RE: bad blocks... random death : solution ?

From: Thierry ITTY (thierry.itty_at_besancon.org)
Date: 08/25/04

  • Next message: Brian D. McGrew: "Redhat 9 and IP Masquerading"
    Date: Wed, 25 Aug 2004 19:01:08
    To: General Red Hat Linux discussion list <redhat-list@redhat.com>
    
    

    well after having carefully read the answer of Kenneth I finally decided to
    fight EMI, ESD, RFI and all that kind of troubles

    my disks were mounted with rubber cylinders and thus had NO ground chassis
    connection.

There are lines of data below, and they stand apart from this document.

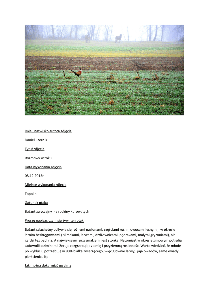 Imię i nazwisko autora zdjęcia Daniel Czernik Tytuł zdjęcia Rozmowy w toku Data wykonania zdjęcia 08.12.2015r Miejsce wykonania zdjęcia Topolin Gatunek ptaka Bażant zwyczajny - z rodziny kurowatych Proszę napisać czym się żywi ten ptak Bażant szlachetny odżywia się różnymi nasionami, częściami roślin, owocami leśnymi, w okresie letnim bezkręgowcami ( ślimakami, larwami, dżdżownicami, pędrakami, małymi gryzoniami), nie gardzi też padliną. A największym przysmakiem jest stonka. Natomiast w okresie zimowym potrafią zadowolić oziminami. Żeruje rozgrzebując ziemię i przyziemną roślinność. Warto wiedzieć, że młode po wykluciu potrzebują w 80% białka zwierzęcego, więc głownie larwy, jaja owadów, same owady, pierścienice itp. Jak można dokarmiać go zimą Myśliwi i miłośnicy zwierząt dbając o te piękne kuraki tworzą remizy śródpolne, budują urządzenia łowieckie m.in. podsypy oraz budki które rozstawiają w okresie przedzimowym i w zimie i wykładają w nie różnego rodzaju ziarna zbóż(pszenica, proso, pszenżyto, kukurydza, owies). Najciekawsze informacje o tym ptaku/gatunku Koń1: Popatrz co tam spaceruje? Koń2: To jakiś ptak. Hej ptaku!!! Bażant: Dzień dobry Koń1: Skąd jesteś? Bażant: Myśliwi wypuścili mnie na wolność w te okolice. Moi przodkowie pochodzą z Azji. Nasz gatunek introdukowany był już w czasach rzymskich. Obecnie występujemy powszechnie na terenie całej Europy. Szukam przyjaciół bo w towarzystwie zawsze jest raźniej. Ta okolica jest dla mnie nowa i nie mogę się tu odnaleźć. Może znacie lub widzieliście ptaki podobnie do mnie? Koń2: Jesteś chyba jednym z najbarwniejszych naszych ptaków? Z tego co widzę jesteś dość dużym ptakiem wielkości naszej kury domowej. Swoim upierzeniem przypominasz tęczę. Masz zieloną połyskującą głowę, białą obrożę , na szyi oraz rdzawo ubarwione pióra układające się w ciekawy łuskowaty wzór. Możesz szczycić się również długim brązowo czarnym ogonem. Bażant: Dziękuję za miłe słowa, ale to tka nasza uroda, taki się już urodziłem, a tak na marginesie w okresie wiosennym mamy czerwone płatki skórne po bokach głowy. Charakterystyczny jest także wyrostek na tylnej stronie odnóży zwany ostrogą. To piękne ubarwienie wykorzystujemy podczas toków, gdzie w marcu zwabiamy nasze partnerki zwane kurami roztaczając cały urok swoich kolorowych piór, piejąc i tańcząc drobnymi kroczkami. Koń1: To musi być bardzo ciekawe, chciał bym to zobaczyć. Bażant: Zapraszam w marcu na łąki. Koń2: A czy samice są tak samo ubarwione jak ty? Bażant: Nasze kur y nie są tak kolorowe, ich upierzenie jest szare, niepozorne i maskujące. Koń1: A dlaczego? Bażant: Ponieważ to na niej spoczywa obowiązek wysiadywania jaj w gnieździe , gdyby była kolorowa to drapieżniki bez problemu odnalazły by gniazdo i zniszczyły ciemne, nakrapiane jaja. warto też wiedzieć, że kolorowa szata koguta spełnia oprócz okresu toków jeszcze jedną ważną dla gatunku rolę. to kolorowe upierzenie powoduje, że znacznie więcej kogutów niż kur pada łupem drapieżników. jest to wręcz konieczne, bo w okresie toków potrzeba 5-7 kur na 1 koguta. jeśli kogutów jest za dużo, to spędzają z gniazd wysiadujące już jaja kury. Lęgi stygną i jaja są martwe. Koń2: To jak po wykluciu bażanty młode sobie radzą? Bażant: Pisklęta zaraz po wykluciu nie wydzielają zapachu – tzw. odwiatru, a co ciekawsze, gdy tylko wyschną opuszczają gniazdo i bardzo szybko pod opieką matki uczą się wyszukiwać pokarm. Koń1: A powiedz mi gdzie Ty mieszkasz? Masz jakiś dom, kurnik? Bażant: Tak naprawdę to nie mam. Zasiedlam otwarte lub zakrzaczone tereny krajobrazu rolniczego, skraje pól, miedzę, zadrzewienia śródpolne, rzadkie lasy, ugory, sady, nadrzeczne zarośla. Noce spędzam na gałęziach drzew. Koń1: A czy nie boisz się tak spacerować na otwartej przestrzeni? Przecież tu czyha na ciebie dużo niebezpieczeństw np. lisy, ptaki drapieżne, a nawet wałęsające się psy. Bażant: Trochę się boję, ale mam bardzo silne nogi i potrafię szybko biegać. Nie dogoni mnie nawet dorosły człowiek. My bażanty wędrujemy pieszo używamy skrzydeł jedynie w razie niebezpieczeństwa lub konieczności pokonania przeszkody. Koń2: W takim razie to witamy cię na naszych łąkach, a tam za górką znajduję się piękna remiza śródpolna przy której stoi podsyp do którego w zimie, dzieci gospodarzy noszą różnego rodzaju zboża. Bażant: To dziękuję za bardzo miłą zapoznawczą pogawędkę. Do rychłego zobaczenia. Koń1,Koń2: Żegnaj bażancie mamy nadzieję ze będzie ci tu dobrze. Zapraszamy ponownie.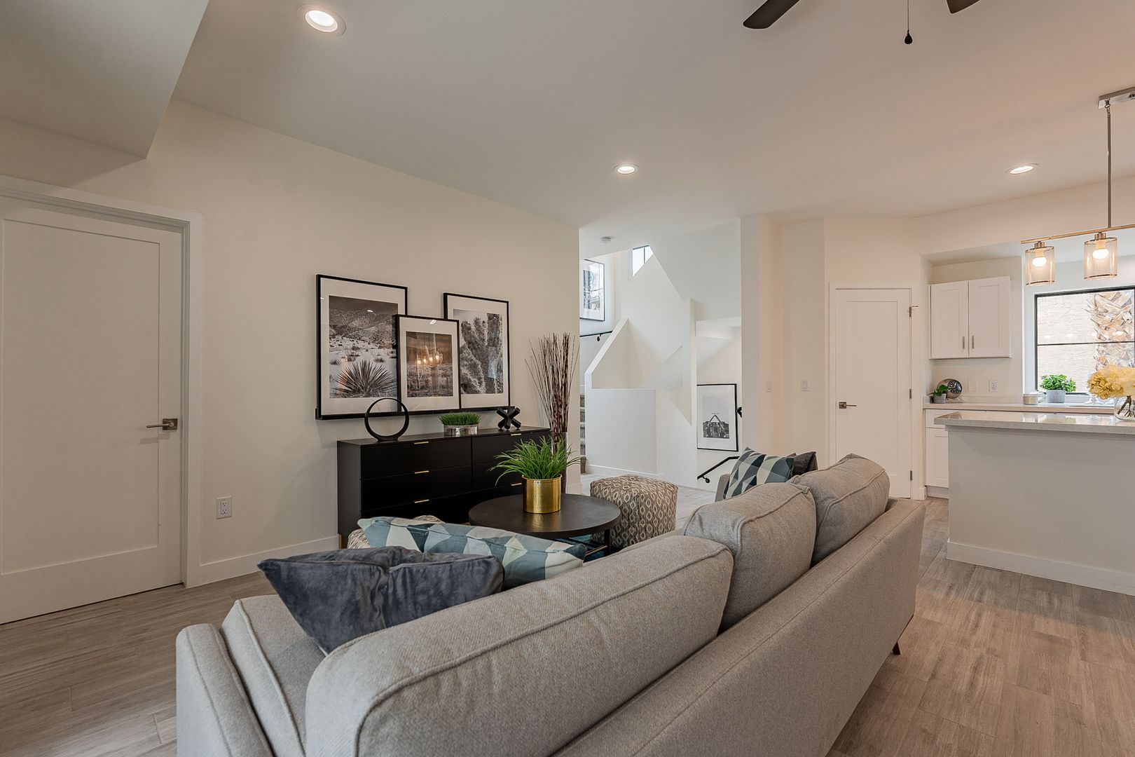 2nd level has an Eat-in kitchen with beautiful quartz counters, stainless steel appliances, a gas stove, a large pantry, and plenty of cabinet space. The dining room and living easy have easy access to a private balcony.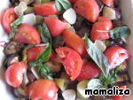 Помидор нарезать ломтиками, добавить к овощам вместе с чесноком и листиками базилика.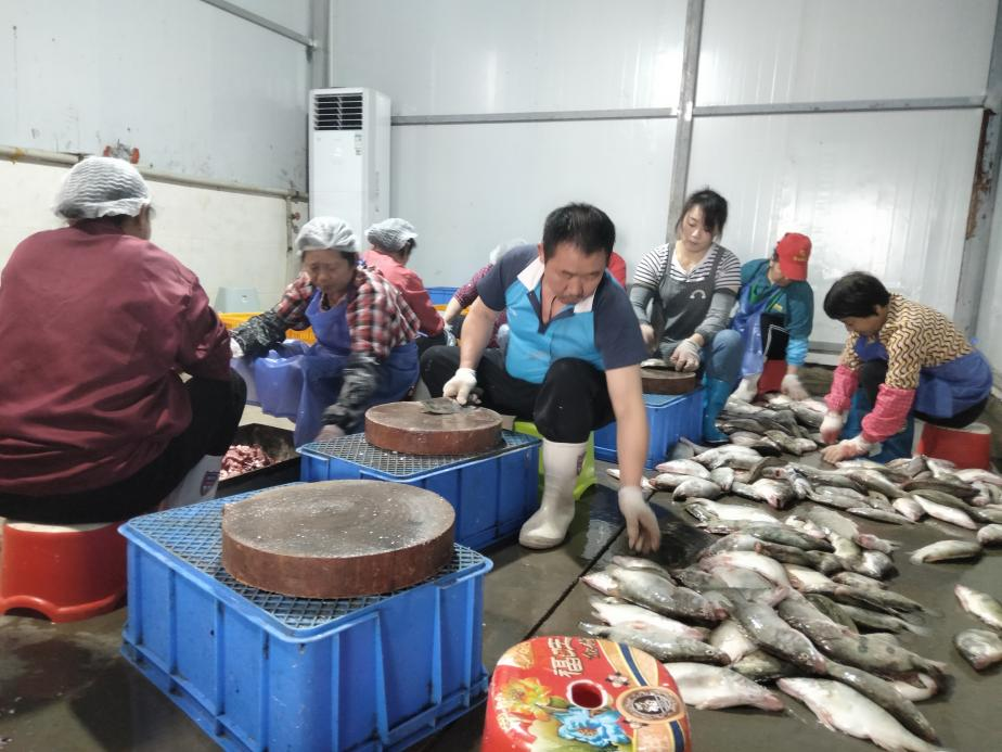 记者在湖北良之尚生态农业有限公司臭鳜鱼生产加工车间看到,工人们分工协作,紧密配合,有的在宰杀鳜鱼、有的在清理鱼的内脏,有的将包装好的鳜鱼送到冻库内进行速冻,一派繁忙景象。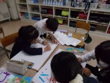 2年生 生活「作って ためして」 公開日 2023/10/30 更新日 2023/10/30 2年生 今日は、お店に来てくれたお客さんに、遊び方をどう説明するかを考えました。 説明するときに使うために、考えたことを画用紙にも書きました。
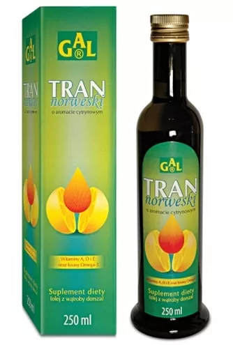 TRAN NORWESKI O AROMACIE CYTRYNOWYM W PŁYNIE (suplement diety) firmy GAL jest dostępny w aptekach. Cena det. (250 ml) – ok.20 zł
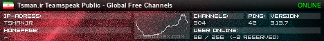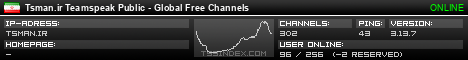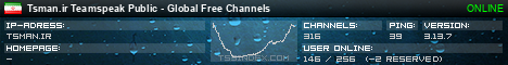 Welcome to the Public TeamSpeak server (Tsman.ir) We hope you enjoy your time with us.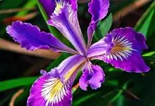 紫苞鸢尾是鸢尾科鸢尾属多年生草本植物,该植物的植株基部围有短的鞘状叶;根状茎斜伸,二歧分枝,节明显;须根粗,暗褐色;叶条形,灰绿色,有3-5条纵脉;花茎纤细,略短于叶,有2-3枚茎生叶;苞片2枚,膜质,…全部>>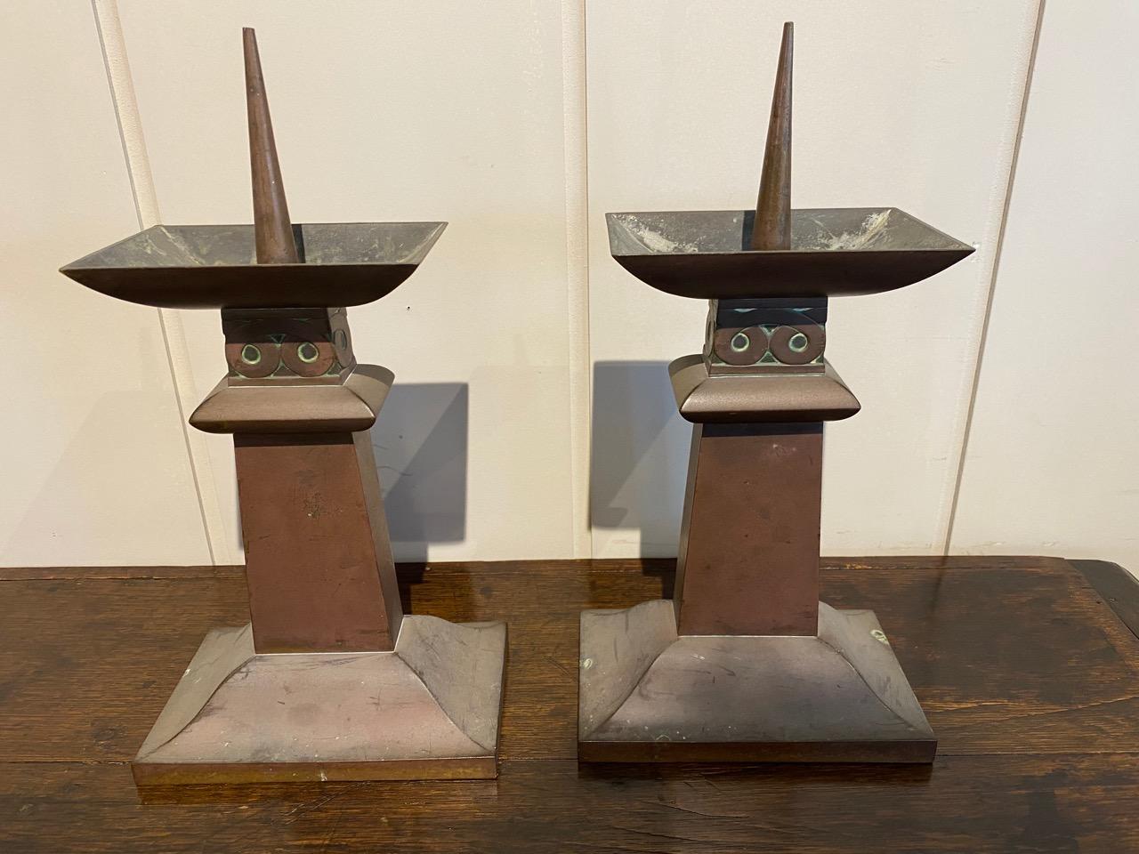 Pair of Arts and Crafts Pricket Sticks in patinated brass and of rectangular form, the pricket with square cup shaped tray above a collar with scroled ornament in turn supported by a tapering column on a cushion moulded plinth.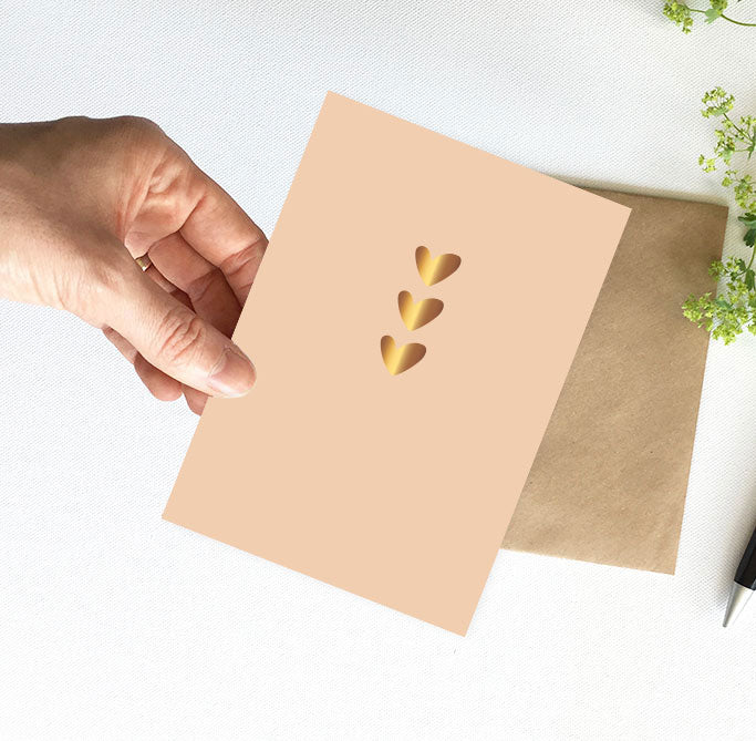Soms zeggen drie kleine hartjes meer dan duizend woorden. Deze kaart straalt eenvoud, warmte en liefde uit. Perfect om iemand te laten weten hoe bijzonder die voor je is. Of het nu Valentijnsdag is, jullie jubileum of gewoon een gewone dag die wat extra liefde verdient, deze kaart past altijd. Een subtiele, stijlvolle manier om je gevoel te delen, precies zoals jij dat wilt.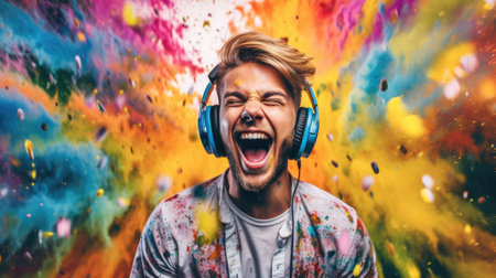 candid shot of an excited young scandinavian man party with headphones. beautiful Generative AI AIG32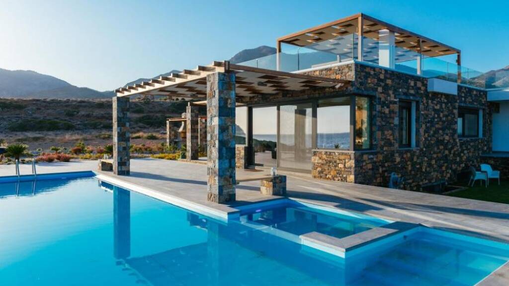 Kreta, Mochlos: Einzigartige Villa am Meer mit großem Pool und Gärten zu verkaufen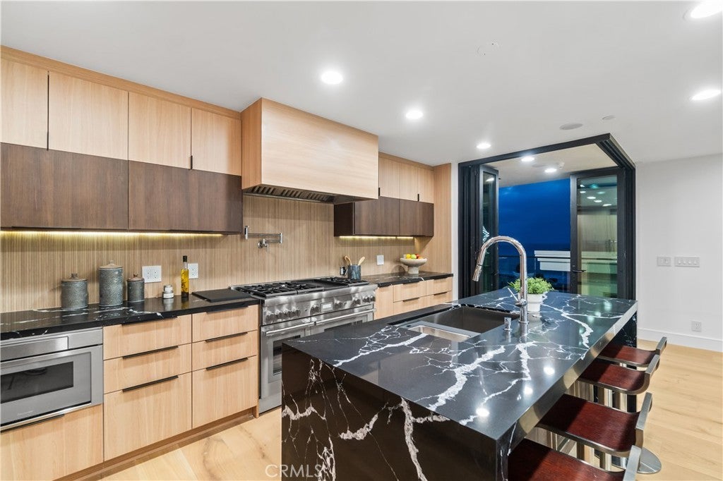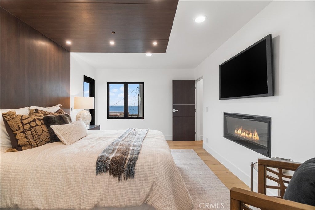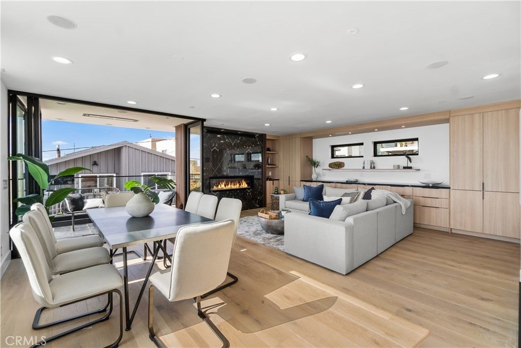 Designed to evoke the sophistication of high-end hospitality, this stunning new construction residence in the coveted Manhattan Beach El Porto offers a peaceful yet invigorating living experience. Every corner of the home has been thoughtfully curated to welcome, soothe, and inspire—combining intricate contemporary design with warm, livable comfort. From sweeping ocean views to breezy walks along the Strand, and from world-class surfing to the charm of local restaurants, this location defines coastal living at its finest. Spanning multiple levels, the home features 4 spacious bedrooms, 4.5 luxurious bathrooms, and over 210 square feet of outdoor balcony space—perfect for soaking in California’s golden sunsets and refreshing sea air. Clean architectural lines and modern finishes are balanced by rich textures and calming tones that instantly make you feel at home. On the first level, a flexible space awaits—ideal as a guest suite, home office, or gym—alongside a cozy family room with a built-in bar and direct access to a private backyard, creating an inviting indoor-outdoor retreat. The top-level main living area is an entertainer’s dream, offering an open-concept design where the gourmet kitchen, dining area, and living room flow seamlessly. Enjoy premium appliances, designer cabinetry, and a sunlit, south-facing balcony with built-in BBQ. Just steps away, the north-facing balcony off the living room invites you to relax by the fireplace with panoramic ocean views and a cooling sea breeze. Comfort and convenience are elevated with features like zoned air conditioning, built-in audio systems, and balcony ceiling heaters for year-round enjoyment. Situated just moments from El Porto’s vibrant dining scene, surf-friendly beaches, and top-rated Manhattan Beach schools, this home offers not just a luxurious living space, but a lifestyle—one of ease, beauty, and inspiration. This isn’t just a home—it’s your personal coastal retreat.

I installed a "ground wire" on every disk (a wire connected on
    one side to the disk cabinet and on the other side to the chassis).
    I got less errors.

    the 2 machines were connected to each other with a small gigabit switch,
    and I noticed that this switch had NO grounding too (just a small AC/DC
    converter as power input) then I installed a ground wire on the switch
    going to one of the chassis (I could also have connected this ground wire
    to some AC ground plug...)
    remember that the 2 machines have a 200 Mbps continuous flow for hours to
    copy all the data from one to the other !

    now I have NO MORE ERRORS

    I can say that it's very likely that all the troubles I had, disks errors,
    bad blocks, file system corruption, etc, came from the ungrounded switch
    (and possibly disks). so now I "ground" everything I can !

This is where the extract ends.